:: SOURCE DATA ::

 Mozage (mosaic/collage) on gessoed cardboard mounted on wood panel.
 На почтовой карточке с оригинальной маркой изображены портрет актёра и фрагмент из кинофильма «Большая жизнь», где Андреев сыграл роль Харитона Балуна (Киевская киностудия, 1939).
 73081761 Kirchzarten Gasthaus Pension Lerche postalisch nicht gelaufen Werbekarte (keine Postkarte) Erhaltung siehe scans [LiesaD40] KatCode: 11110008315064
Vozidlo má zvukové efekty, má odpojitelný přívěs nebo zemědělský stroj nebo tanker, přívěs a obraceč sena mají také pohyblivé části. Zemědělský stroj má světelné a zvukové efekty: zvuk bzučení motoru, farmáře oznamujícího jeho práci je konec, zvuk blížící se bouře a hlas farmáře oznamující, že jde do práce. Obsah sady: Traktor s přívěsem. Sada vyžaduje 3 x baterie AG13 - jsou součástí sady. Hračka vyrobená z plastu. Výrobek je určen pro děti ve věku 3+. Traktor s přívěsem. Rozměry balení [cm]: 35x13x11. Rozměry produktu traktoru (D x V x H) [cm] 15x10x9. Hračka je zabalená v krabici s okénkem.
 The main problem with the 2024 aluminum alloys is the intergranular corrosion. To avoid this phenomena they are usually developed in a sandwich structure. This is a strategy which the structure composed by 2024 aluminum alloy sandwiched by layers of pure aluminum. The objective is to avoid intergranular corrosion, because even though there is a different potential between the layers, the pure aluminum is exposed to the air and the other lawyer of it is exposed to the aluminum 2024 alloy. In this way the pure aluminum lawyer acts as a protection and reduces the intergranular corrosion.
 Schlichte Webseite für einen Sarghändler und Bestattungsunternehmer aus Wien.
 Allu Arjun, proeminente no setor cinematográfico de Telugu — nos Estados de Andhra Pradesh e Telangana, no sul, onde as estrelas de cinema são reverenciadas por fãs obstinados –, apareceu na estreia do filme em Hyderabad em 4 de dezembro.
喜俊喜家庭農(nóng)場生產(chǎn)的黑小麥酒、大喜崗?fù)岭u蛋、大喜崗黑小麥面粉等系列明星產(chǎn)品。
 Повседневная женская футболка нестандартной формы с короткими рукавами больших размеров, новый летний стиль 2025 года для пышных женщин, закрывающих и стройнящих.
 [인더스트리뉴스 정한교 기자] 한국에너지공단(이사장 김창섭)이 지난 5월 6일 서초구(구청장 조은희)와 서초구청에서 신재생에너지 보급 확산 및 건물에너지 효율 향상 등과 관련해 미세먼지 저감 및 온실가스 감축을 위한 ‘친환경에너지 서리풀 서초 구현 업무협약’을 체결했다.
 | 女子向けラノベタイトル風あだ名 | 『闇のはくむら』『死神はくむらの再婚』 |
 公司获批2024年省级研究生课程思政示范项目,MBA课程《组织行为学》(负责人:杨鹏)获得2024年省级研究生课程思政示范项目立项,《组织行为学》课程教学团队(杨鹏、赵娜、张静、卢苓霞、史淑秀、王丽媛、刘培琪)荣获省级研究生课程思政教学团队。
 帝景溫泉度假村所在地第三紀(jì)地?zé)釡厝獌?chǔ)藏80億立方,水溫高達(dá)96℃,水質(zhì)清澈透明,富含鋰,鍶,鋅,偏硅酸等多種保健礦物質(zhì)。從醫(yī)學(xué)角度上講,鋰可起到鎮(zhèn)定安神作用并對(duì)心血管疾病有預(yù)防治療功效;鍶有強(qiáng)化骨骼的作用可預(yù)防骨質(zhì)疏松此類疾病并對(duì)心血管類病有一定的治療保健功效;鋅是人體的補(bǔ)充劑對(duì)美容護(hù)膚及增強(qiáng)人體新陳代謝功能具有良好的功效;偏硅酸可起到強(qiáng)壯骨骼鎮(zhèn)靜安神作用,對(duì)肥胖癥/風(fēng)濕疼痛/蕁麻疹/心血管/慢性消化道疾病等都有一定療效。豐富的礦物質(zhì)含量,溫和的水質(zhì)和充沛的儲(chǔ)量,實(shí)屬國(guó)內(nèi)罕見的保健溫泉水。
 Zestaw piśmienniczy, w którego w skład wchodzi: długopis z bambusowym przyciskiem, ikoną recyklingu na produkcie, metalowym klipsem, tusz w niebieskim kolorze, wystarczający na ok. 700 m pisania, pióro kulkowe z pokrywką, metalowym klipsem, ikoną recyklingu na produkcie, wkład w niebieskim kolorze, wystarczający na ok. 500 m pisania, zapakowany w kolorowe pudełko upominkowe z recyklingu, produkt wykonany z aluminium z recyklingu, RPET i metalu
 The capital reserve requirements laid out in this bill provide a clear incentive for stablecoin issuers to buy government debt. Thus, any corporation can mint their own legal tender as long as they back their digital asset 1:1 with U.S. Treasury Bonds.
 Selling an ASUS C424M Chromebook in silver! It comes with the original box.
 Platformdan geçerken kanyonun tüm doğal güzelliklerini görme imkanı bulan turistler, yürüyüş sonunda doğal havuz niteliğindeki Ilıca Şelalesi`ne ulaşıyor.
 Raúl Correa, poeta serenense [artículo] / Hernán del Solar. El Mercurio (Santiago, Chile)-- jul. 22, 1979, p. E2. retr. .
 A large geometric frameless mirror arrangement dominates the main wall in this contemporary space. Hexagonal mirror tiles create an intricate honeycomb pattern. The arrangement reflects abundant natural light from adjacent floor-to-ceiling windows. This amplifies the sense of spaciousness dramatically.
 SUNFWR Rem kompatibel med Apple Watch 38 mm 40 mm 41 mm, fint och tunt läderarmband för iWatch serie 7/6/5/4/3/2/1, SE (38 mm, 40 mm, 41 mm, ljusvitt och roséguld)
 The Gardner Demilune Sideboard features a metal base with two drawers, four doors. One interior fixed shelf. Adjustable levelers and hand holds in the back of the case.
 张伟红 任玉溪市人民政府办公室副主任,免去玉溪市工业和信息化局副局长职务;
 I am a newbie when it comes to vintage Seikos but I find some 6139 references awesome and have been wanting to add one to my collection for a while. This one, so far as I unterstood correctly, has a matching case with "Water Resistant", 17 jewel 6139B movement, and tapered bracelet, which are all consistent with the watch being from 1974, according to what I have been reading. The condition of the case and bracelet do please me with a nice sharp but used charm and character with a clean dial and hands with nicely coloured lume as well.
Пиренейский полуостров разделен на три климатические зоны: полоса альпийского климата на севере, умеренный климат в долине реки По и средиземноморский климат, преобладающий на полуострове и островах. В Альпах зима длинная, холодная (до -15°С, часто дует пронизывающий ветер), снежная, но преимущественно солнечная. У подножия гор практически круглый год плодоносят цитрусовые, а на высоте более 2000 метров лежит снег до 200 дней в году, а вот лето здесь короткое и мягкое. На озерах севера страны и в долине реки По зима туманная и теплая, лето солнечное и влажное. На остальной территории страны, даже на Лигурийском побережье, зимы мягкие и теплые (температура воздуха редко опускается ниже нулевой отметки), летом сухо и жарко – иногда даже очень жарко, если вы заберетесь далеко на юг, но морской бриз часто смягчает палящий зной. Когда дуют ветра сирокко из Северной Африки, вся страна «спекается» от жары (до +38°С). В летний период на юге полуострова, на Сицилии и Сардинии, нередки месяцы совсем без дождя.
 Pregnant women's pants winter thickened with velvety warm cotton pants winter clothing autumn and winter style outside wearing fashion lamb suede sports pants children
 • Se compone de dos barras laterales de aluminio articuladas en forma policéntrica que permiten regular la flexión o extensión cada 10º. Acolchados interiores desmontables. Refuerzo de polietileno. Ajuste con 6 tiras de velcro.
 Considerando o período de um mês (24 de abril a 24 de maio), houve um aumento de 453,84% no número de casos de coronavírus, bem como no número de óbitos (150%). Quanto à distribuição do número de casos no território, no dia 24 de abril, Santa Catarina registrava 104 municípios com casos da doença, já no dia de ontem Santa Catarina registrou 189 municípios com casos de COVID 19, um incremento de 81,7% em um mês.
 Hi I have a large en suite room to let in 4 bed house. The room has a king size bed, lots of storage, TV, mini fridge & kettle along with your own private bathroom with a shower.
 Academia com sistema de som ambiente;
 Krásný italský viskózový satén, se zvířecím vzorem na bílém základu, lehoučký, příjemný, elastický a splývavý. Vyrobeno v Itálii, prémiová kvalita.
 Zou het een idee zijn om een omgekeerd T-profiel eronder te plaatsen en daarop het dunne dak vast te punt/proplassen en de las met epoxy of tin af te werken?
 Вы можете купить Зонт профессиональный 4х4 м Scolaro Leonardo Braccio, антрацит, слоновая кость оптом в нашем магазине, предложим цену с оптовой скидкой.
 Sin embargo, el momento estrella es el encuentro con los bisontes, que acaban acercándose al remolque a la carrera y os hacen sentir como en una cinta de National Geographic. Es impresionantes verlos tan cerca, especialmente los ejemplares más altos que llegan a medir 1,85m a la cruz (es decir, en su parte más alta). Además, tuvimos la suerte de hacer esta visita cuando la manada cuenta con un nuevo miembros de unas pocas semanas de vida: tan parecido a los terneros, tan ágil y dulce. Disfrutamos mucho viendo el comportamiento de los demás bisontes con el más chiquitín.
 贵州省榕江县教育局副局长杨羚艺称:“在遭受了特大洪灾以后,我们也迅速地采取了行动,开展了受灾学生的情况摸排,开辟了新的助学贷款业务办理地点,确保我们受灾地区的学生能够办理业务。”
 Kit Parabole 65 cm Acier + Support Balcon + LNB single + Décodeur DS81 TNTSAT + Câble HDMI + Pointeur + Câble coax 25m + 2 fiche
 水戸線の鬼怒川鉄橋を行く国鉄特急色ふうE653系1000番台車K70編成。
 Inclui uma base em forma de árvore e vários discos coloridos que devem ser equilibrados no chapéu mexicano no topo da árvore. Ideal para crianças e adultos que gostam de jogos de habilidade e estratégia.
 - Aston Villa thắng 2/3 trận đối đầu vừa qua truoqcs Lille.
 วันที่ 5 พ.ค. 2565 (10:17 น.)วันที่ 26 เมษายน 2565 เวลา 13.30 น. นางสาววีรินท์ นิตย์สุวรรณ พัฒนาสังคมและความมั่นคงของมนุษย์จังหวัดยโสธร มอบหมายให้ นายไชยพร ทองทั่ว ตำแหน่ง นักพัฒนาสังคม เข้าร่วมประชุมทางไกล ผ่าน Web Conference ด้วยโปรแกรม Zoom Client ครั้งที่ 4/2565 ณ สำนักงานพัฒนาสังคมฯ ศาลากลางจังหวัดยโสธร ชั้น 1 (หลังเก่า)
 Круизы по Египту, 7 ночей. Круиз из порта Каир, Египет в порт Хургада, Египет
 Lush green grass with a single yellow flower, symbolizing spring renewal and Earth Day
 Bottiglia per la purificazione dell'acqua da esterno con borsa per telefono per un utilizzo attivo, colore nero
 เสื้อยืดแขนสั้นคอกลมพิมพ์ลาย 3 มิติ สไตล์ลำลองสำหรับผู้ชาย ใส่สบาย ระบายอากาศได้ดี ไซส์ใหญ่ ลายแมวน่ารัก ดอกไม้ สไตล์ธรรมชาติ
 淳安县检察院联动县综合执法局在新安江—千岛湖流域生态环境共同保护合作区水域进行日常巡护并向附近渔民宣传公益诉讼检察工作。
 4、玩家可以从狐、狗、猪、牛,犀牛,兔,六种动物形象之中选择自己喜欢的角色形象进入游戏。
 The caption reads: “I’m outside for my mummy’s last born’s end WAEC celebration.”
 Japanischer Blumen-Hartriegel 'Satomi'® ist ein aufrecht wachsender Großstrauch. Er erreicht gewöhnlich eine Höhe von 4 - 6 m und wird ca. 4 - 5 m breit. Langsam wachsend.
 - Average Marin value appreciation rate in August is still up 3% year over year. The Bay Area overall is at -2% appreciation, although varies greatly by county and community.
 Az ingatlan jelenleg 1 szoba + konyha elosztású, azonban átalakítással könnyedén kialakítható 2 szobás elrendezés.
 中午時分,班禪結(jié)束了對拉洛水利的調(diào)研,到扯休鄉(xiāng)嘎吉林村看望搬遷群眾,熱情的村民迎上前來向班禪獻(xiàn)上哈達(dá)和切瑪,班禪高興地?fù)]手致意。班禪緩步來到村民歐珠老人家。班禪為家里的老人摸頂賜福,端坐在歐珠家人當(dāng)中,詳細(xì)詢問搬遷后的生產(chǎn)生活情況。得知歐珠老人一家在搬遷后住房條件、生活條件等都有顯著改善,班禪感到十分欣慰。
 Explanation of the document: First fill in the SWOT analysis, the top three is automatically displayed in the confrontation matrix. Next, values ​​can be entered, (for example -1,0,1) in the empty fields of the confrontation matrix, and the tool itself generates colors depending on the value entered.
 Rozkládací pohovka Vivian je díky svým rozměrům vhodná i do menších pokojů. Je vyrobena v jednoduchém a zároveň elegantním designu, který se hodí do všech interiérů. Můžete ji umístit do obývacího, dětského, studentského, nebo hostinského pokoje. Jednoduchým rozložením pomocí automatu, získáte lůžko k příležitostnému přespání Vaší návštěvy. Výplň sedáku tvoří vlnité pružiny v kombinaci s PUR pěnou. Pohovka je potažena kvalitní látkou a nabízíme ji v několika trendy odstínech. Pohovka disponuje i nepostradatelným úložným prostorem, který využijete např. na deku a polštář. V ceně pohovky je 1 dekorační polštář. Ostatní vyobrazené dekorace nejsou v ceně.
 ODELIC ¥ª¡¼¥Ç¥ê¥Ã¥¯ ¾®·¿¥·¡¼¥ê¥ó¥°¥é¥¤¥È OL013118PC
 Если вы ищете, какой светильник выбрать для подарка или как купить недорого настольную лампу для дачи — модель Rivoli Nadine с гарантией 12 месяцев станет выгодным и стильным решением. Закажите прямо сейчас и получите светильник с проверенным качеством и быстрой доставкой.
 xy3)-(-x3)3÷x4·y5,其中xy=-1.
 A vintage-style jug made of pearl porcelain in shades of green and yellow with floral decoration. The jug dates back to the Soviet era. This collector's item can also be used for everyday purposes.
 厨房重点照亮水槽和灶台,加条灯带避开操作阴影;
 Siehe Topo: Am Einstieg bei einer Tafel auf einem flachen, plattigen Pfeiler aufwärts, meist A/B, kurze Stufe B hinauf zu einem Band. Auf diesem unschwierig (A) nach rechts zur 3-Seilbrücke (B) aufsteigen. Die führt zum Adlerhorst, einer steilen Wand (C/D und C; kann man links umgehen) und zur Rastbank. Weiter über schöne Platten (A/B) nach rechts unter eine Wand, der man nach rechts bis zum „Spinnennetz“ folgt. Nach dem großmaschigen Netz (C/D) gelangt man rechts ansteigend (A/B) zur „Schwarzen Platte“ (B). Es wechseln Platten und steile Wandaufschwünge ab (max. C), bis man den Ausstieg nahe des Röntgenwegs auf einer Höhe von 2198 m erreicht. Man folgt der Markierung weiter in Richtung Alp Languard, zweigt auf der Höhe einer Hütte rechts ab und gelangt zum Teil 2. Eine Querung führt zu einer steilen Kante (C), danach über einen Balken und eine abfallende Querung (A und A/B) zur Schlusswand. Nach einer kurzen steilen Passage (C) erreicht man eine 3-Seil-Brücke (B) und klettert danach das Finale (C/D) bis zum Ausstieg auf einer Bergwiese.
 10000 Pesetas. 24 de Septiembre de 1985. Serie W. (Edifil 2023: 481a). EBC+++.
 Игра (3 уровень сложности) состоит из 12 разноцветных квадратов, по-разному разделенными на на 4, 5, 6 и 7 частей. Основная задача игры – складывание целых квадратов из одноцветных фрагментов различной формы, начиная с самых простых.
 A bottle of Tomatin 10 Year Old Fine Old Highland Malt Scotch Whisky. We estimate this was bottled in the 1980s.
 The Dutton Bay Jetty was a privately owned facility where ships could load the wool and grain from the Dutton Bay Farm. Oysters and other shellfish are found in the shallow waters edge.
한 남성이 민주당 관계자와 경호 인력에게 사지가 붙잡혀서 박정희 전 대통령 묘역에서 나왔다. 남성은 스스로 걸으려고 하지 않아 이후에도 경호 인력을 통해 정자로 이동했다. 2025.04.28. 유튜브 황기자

:::

• [YOUR ASSIGNMENT] In the entries above, which lines hold the word "back"? Copy them out.

• [ANSWER SPACE]
 The capital reserve requirements laid out in this bill provide a clear incentive for stablecoin issuers to buy government debt. Thus, any corporation can mint their own legal tender as long as they back their digital asset 1:1 with U.S. Treasury Bonds.
 The Gardner Demilune Sideboard features a metal base with two drawers, four doors. One interior fixed shelf. Adjustable levelers and hand holds in the back of the case.
 A vintage-style jug made of pearl porcelain in shades of green and yellow with floral decoration. The jug dates back to the Soviet era. This collector's item can also be used for everyday purposes.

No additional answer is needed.